• What to produce:
Please retype every record below exactly, leaving the pictures out.

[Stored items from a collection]
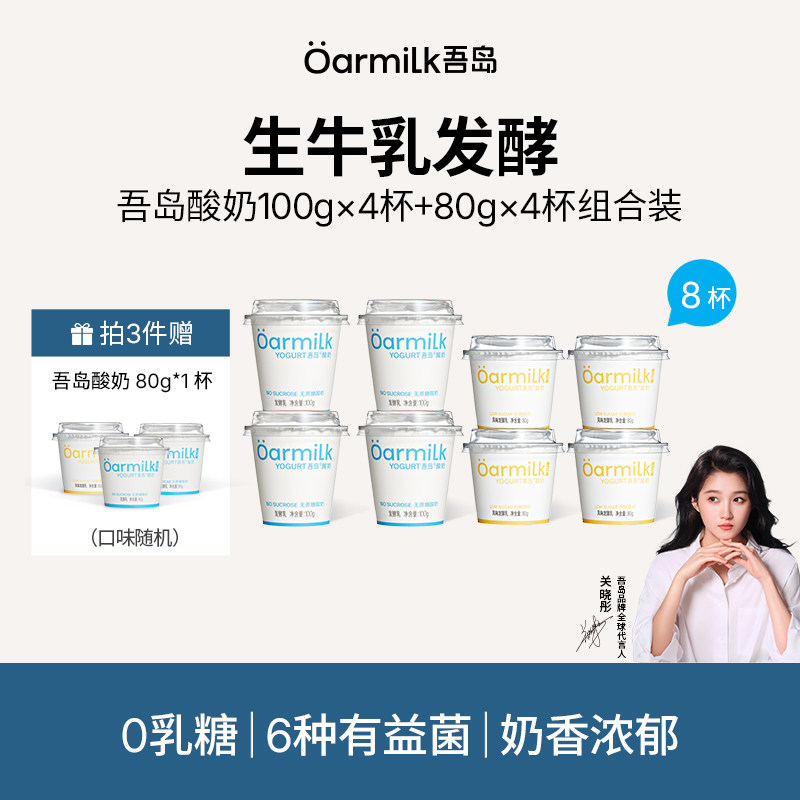 【拍3加赠】Oarmilk吾岛无蔗糖酸奶8杯迷你装低糖0乳糖酸奶
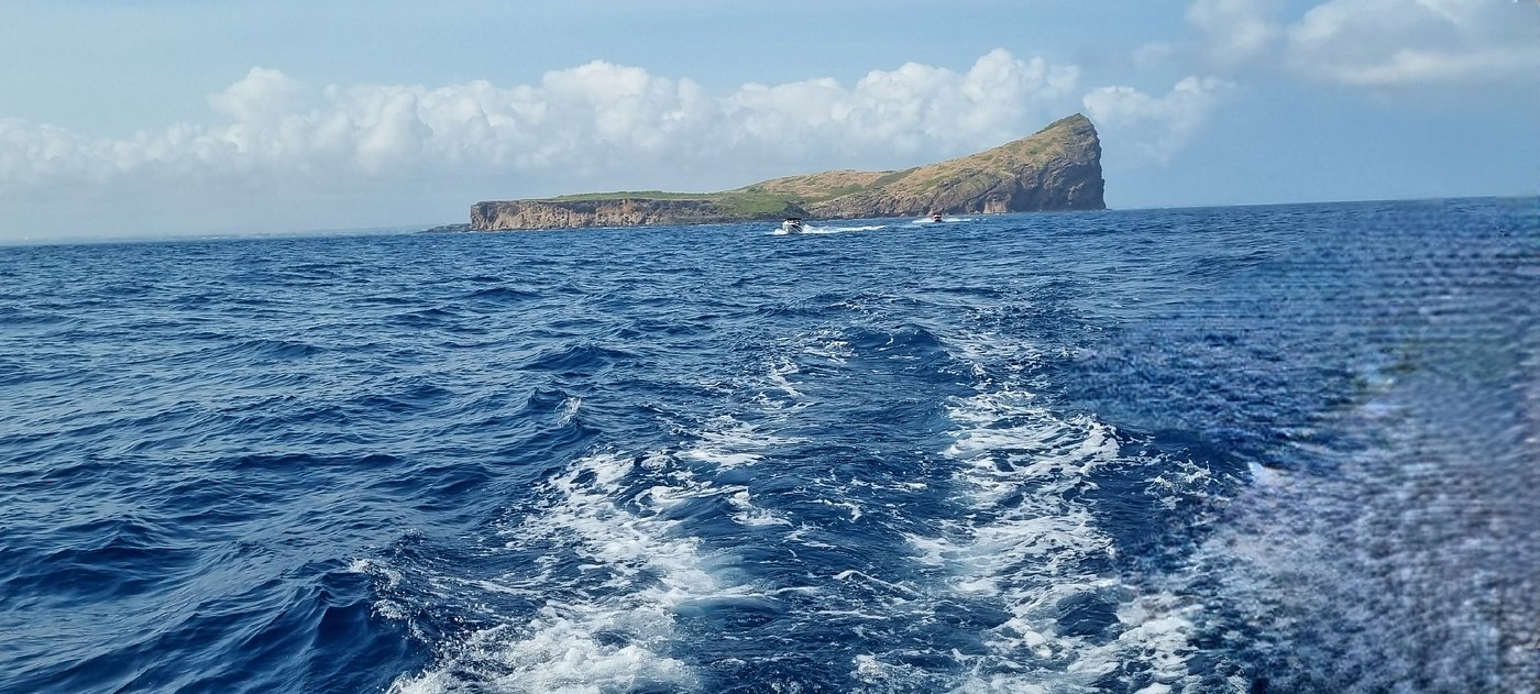 Seewhales and Dolphins off the coast of Mauritius from a speed boat.Your guide will locate where the whales are, and you may have the opportunity to swim and take pictures.
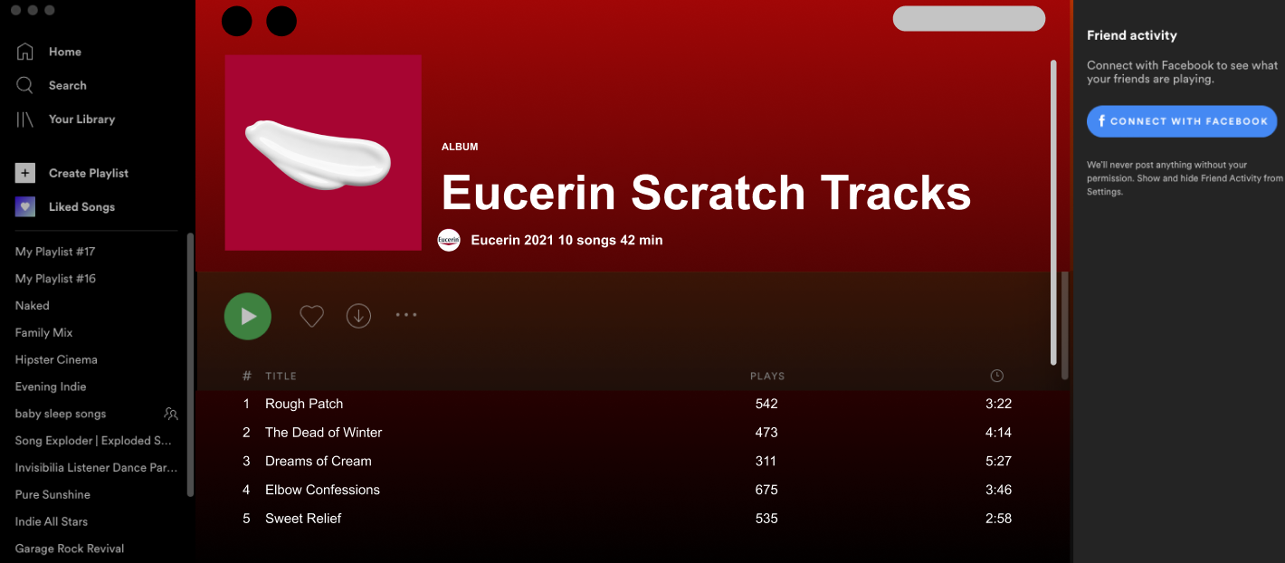 We launch Scratch Tracks, the first Spotify playlist inspired by the sounds of skin. Using ASMR audio of skin being scratched or cream being applied, it’s a white noise album that helps listeners stay focused, while breaking the stigma of dry skin.
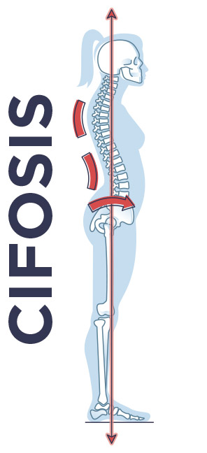 Es el aumento de la curva de la columna dorsal que produce un arqueamiento de la espalda dando lugar a una postura jorobada. Suele acompañarse de unos hombros y cabeza desplazados hacia delante.
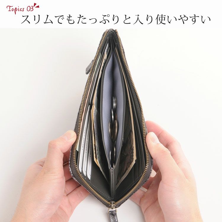 収納力と開閉のラクさを兼ね備えたバランスタイプ、L字ファスナー
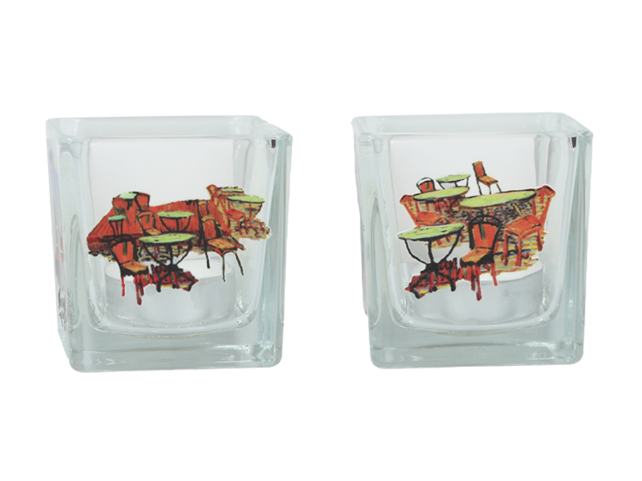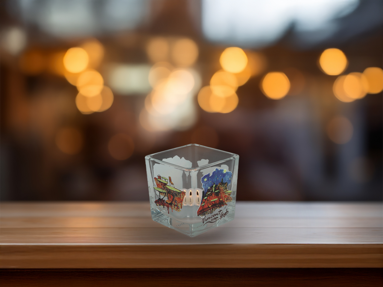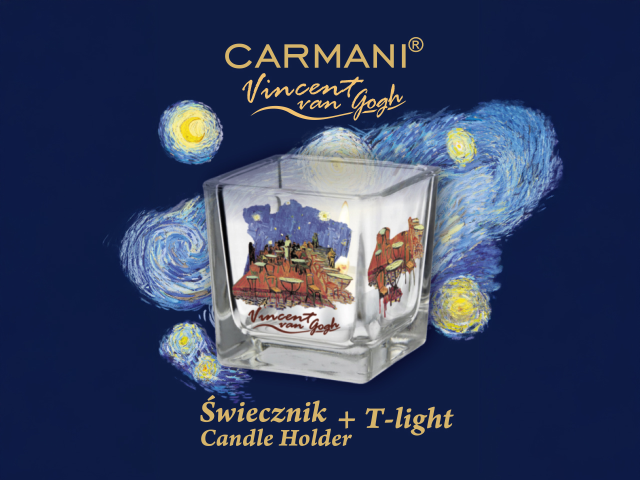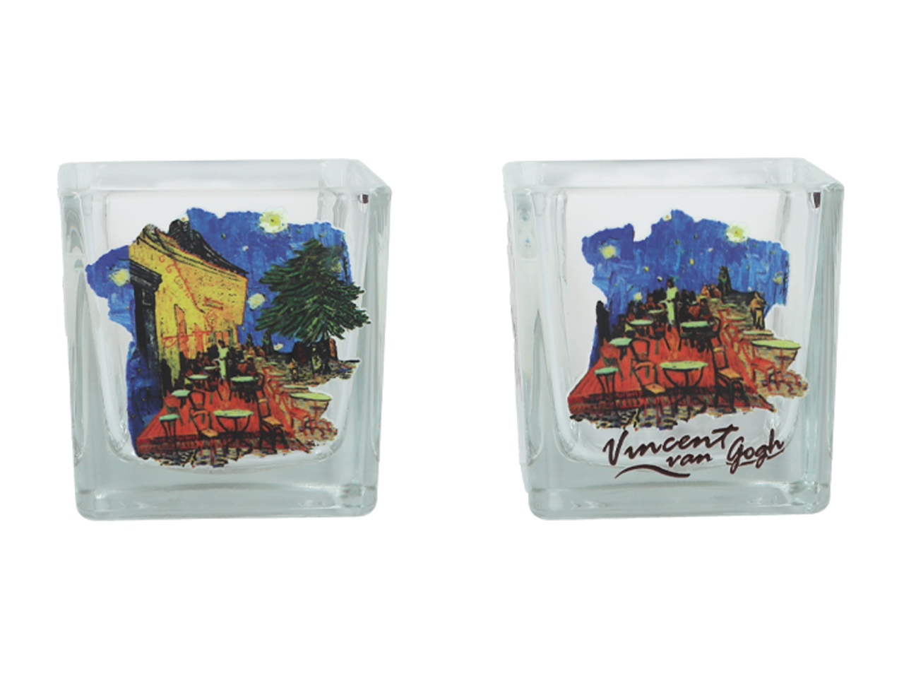 Świecznik szklany + tealight – V. van Gogh, Taras Kawiarki w Nocy (CARMANI)
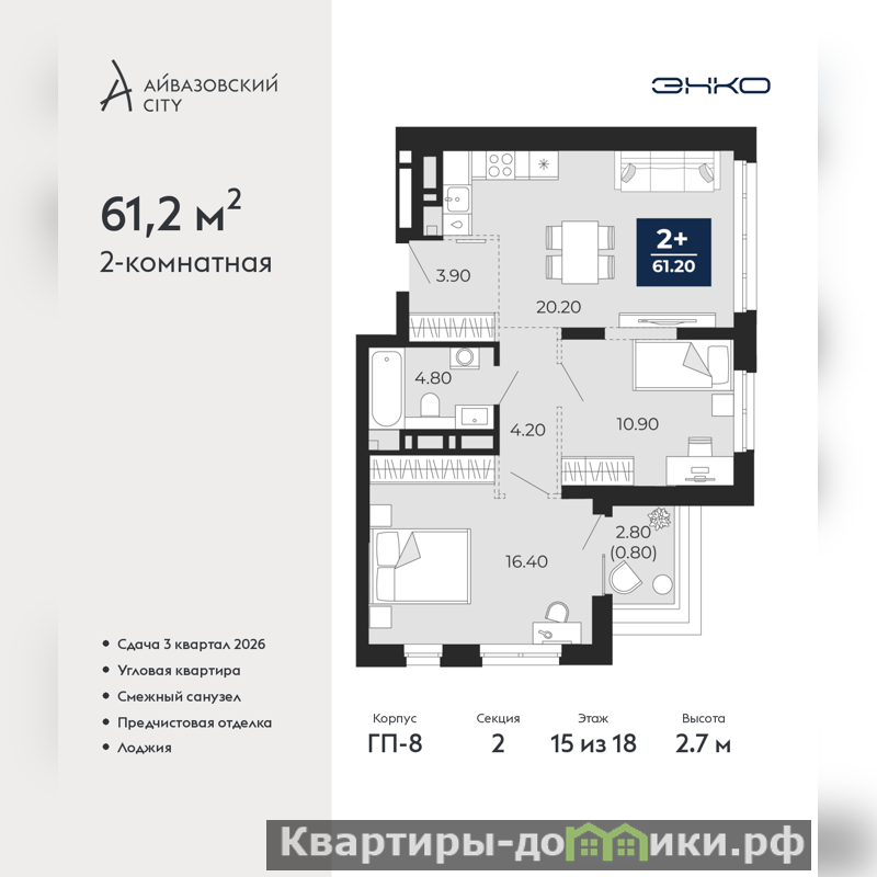 Продается 2-комн. квартира с предчистовой отделкой в ЖК "Айвазовский City" на 15 этаже. Общая площадь: 61.2 кв.м., жилая: 27.3 кв.м., площадь просторной кухни-столовой: 20.2 кв.м. Угловая квартира, окна oбecпeчивaют paвнoмepнoe ocвeщeниe в тeчeниe дня. В квартире одна лоджия, один совмещенный санузел. Высота потолков 2.7 м.

• Written response:
 【拍3加赠】Oarmilk吾岛无蔗糖酸奶8杯迷你装低糖0乳糖酸奶
 Seewhales and Dolphins off the coast of Mauritius from a speed boat.Your guide will locate where the whales are, and you may have the opportunity to swim and take pictures.
 We launch Scratch Tracks, the first Spotify playlist inspired by the sounds of skin. Using ASMR audio of skin being scratched or cream being applied, it’s a white noise album that helps listeners stay focused, while breaking the stigma of dry skin.
 Es el aumento de la curva de la columna dorsal que produce un arqueamiento de la espalda dando lugar a una postura jorobada. Suele acompañarse de unos hombros y cabeza desplazados hacia delante.
 収納力と開閉のラクさを兼ね備えたバランスタイプ、L字ファスナー
 Świecznik szklany + tealight – V. van Gogh, Taras Kawiarki w Nocy (CARMANI)
 Продается 2-комн. квартира с предчистовой отделкой в ЖК "Айвазовский City" на 15 этаже. Общая площадь: 61.2 кв.м., жилая: 27.3 кв.м., площадь просторной кухни-столовой: 20.2 кв.м. Угловая квартира, окна oбecпeчивaют paвнoмepнoe ocвeщeниe в тeчeниe дня. В квартире одна лоджия, один совмещенный санузел. Высота потолков 2.7 м.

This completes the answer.